Митинг. Прилетевший из Москвы старый полярник Е. И. Толстиков приветствует прибывших из Антарктиды. Все. Дома. Слегка растерянные и счастливые зимовщики принимают цветы из рук окруживших их ребятишек.
В Одессе сегодня плюс 14, а на «Востоке», как сообщили со станции по моей просьбе, было минус 69.
Фото автора. Одесса. 13,14 апреля 1983 г.
Канарейка
(Окно в природу)
Моря соленые не от того, что в них когда-то плавала селедка. А Канарские острова называют так не потому, что это родина канареек.
В переводе с латинского Канарские — значит собачьи острова. Так их назвали первооткрыватели, пораженные обилием и величиною обитавших тут псов.
Не случайно, однако, представление о Канарах для многих связано с канарейкой.
Благословенные певчие птицы начало свое ведут отсюда, с Канар, встречаясь, впрочем, также и на островах Азорских.
Ступая недавно на один из Канарских островов (их тринадцать, семь населенных и шесть — безлюдных), я ожидал увидеть диких аборигенов, от которых пошло великое разнообразие ныне существующих канареек. Увы, собак я увидел, правда, обыкновенных, ленивых, изнывающих от жары, спящих под ногами у проходивших людей.
Увидел воробьев, до предела нахальных, хватающих пищу с тарелок на уличных столиках.
Видел голубей, чаек. С канарейками не повезло. Ни одной! Целый день мы колесили с другом по острову, я держал фотокамеру наготове. Нет! Не догадался спросить: почему же нет? Возможно, природа Канар изменилась, и острова перестали быть раем для птиц и людей, о котором пишут историки и древние моряки. Тринадцать вулканических островов изнывают от жажды. Воду тут ищут, как золото или нефть, прорубают в горах километровые штольни, чтобы выудить в недрах земли тощий ключик воды.

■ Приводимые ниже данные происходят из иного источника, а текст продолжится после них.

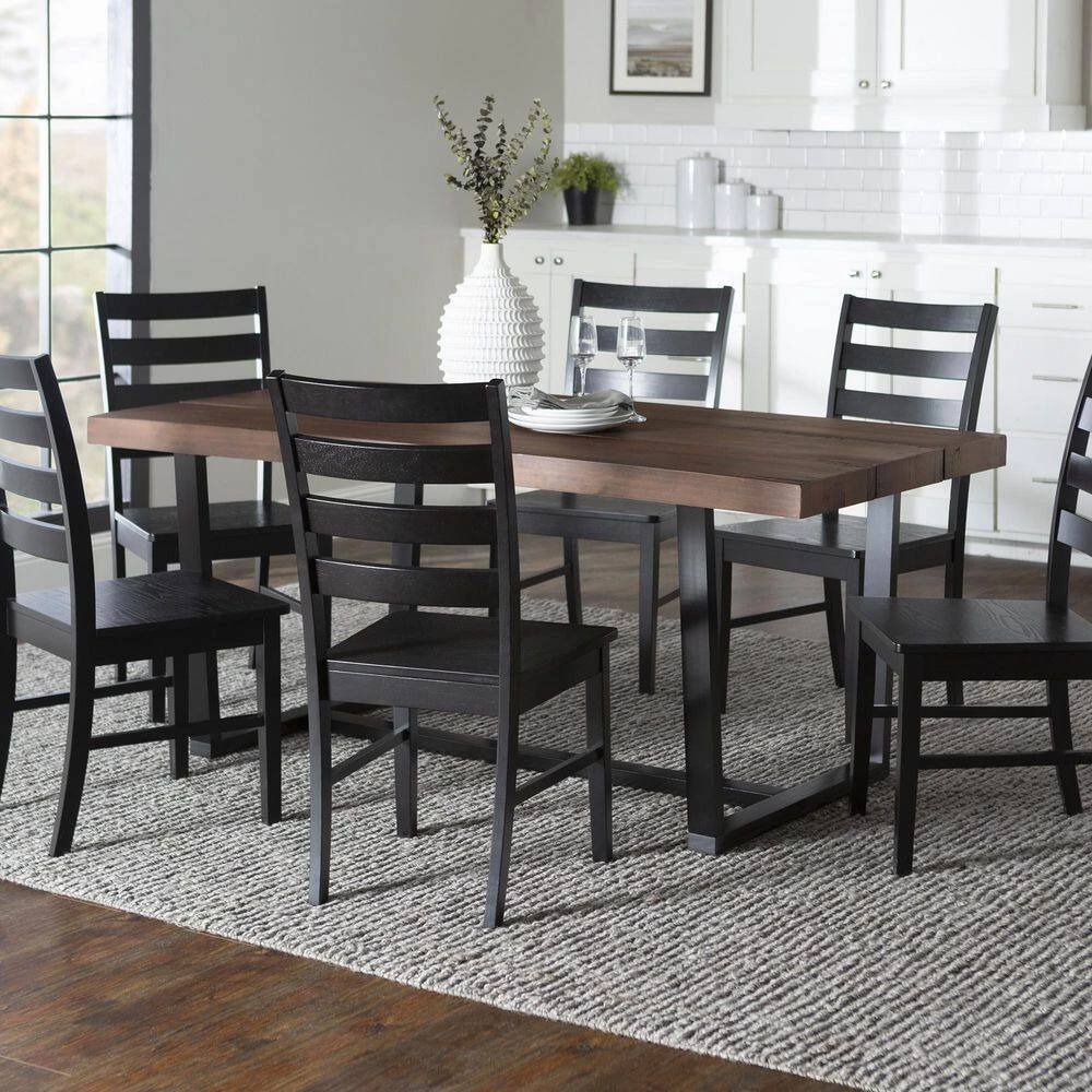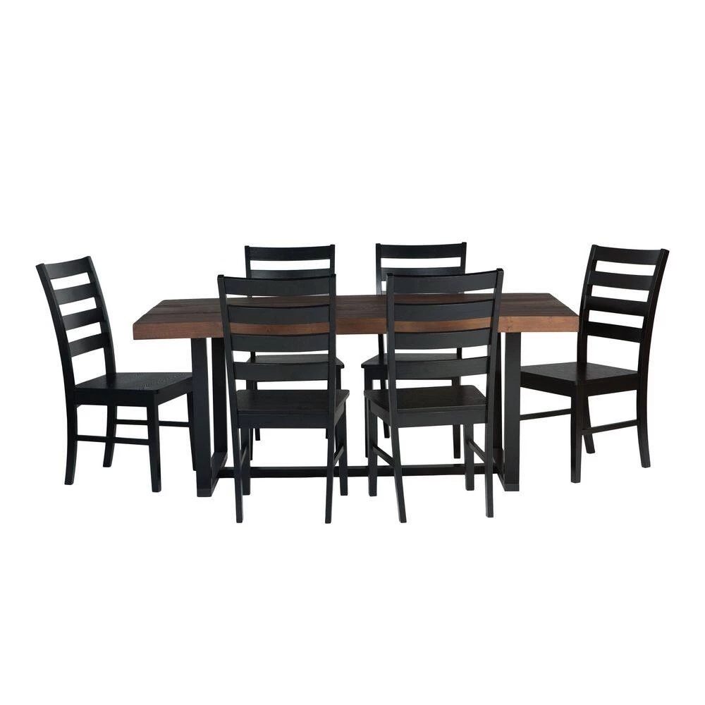 Introduce this 7-piece dining set into your kitchen or dining area to enjoy meals together as a family. This table set features a beautiful 2-tone design, with the chairs and table legs all in a black finish and the distressed table top of grey. The wood of the table is responsibly harvested from renewable resources for a stylish and sustainable piece. Including 6 chairs, each having a slatted back design for an overall timeless and farmhouse style. You’ll love the way this kitchen set will complete your home by providing seating area for daily use.

С водой обращаются, как с драгоценностью. Где она есть — там очажок жизни и зелени: пальмы, бананы, лимоны, плантации помидоров. Но эту зелень видишь лишь редкими островками. И она вся нуждается в постоянном поливе. Самостоятельно борются с сушью лишь кактусы, уродливые и величественные спутники многих пустынь.
Но были Канарские острова и более зелеными, и более богатыми жизнью. Пением канареек встречали они моряков-путешественников и солдат-завоевателей. Неутомимое, громкое, очень приятное пение европейским пришельцам пришлось по душе, а птицы, названные канарейками, оказались неприхотливыми, легко переносящими неволю.